# Pythagorean triples

• Mar 17th 2009, 04:35 PM
john_n82
Pythagorean triples
Find all Pythagorean triples (not necessary primitive) with one of the three integers equal to 16. (i.e. x, y, z in N* with x^2 + y^2 = z^2 and 16 in {x, y, z}).

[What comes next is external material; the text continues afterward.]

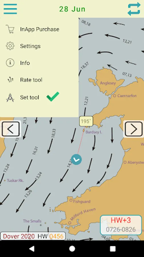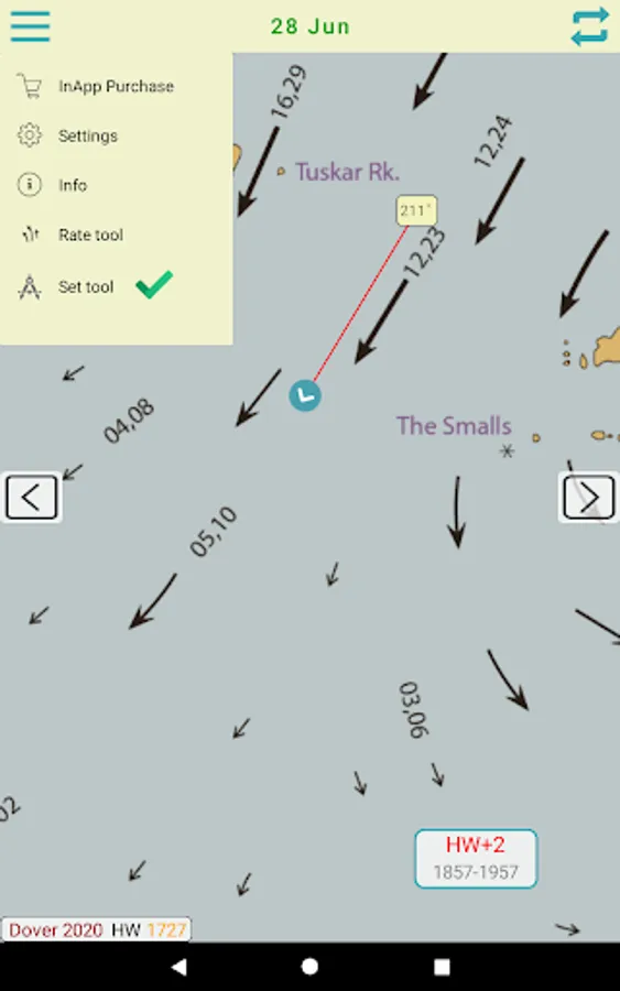 Select the 'Set' tool to measure the precise true course of any tidal stream arrow. (in-app purchase)

I know how to find the answer for this problem but don't know how to show my answer in a proper way. The answer is {(16, 12, 20), (12, 16, 20), (16, 30, 34), (30, 16, 34), (16, 63, 65), (63, 16, 65)}. Please help me to show all the steps. Thank you so much.
• Mar 17th 2009, 05:06 PM
PaulRS
• Case I : $\displaystyle z=16$ ( the case without solutions if you mean $\displaystyle \mathbb{N}^* = \mathbb{N}/\left\{ 0 \right\}$)

Note that: $\displaystyle x^2 + y^2 \equiv 0\left( {\bmod .4} \right) \Leftrightarrow x \equiv y \equiv 0\left( {\bmod .2} \right)$ Just because $\displaystyle x^2 \equiv 0,1\left( {\bmod .4} \right)\forall x \in \mathbb{Z}$

So: $\displaystyle x^2 + y^2 = 16^2$ implies that $\displaystyle x = 2x_1$ and $\displaystyle y=2y_1$ with $\displaystyle x_1,x_2 \in \mathbb{Z}^ +$

So: $\displaystyle x_1 ^2 + y_1 ^2 = 8^2$

And repeat the process until we get: $\displaystyle x_4 ^2 + y_4 ^2 = 1$ which is a contradiction since $\displaystyle x_4 ^2 + y_4 ^2 \geqslant 2$!

• Case II : Without loss of generality ( since we can exchange $\displaystyle x$ for $\displaystyle y$ freely) take $\displaystyle x=16$

We have: $\displaystyle 16^2 + y^2 = z^2$ and factorise $\displaystyle 16^2 =2^8 = z^2 - y^2 = \left( {z + y} \right) \cdot \left( {z - y} \right)$

So we must have (since 2 is prime) : $\displaystyle \left\{ \begin{gathered} z + y = 2^a \hfill \\ z - y = 2^b \hfill \\ \end{gathered} \right.$ for $\displaystyle a,b \in \mathbb{N}/a + b = 8$ and clearly $\displaystyle a > b$ since $\displaystyle y>0$

Sum the 2 equations to get: $\displaystyle 2 \cdot z = 2^a + 2^b$, $\displaystyle a > 0$ hence $\displaystyle 2z - 2^a = 2^b$ is even, and so $\displaystyle b>0$

Thus it follows: $\displaystyle \begin{gathered} z = 2^{a - 1} + 2^{b - 1} \hfill \\ y = 2^{a - 1} - 2^{b - 1} \hfill \\ \end{gathered}$ (*) (solve the system)

Now take $\displaystyle a,b \in \mathbb{N}/a > b > 0 \wedge a + b = 8$ and (*) will produce solutions (note that $\displaystyle 2a > a + b = 8 \Rightarrow a > 4$ hence $\displaystyle a$ can take 3 values $\displaystyle a=5,6,7$)

Remember to consider the case $\displaystyle y=16$ which is totally analogous, all you have to do is to exchange $\displaystyle x$ for $\displaystyle y$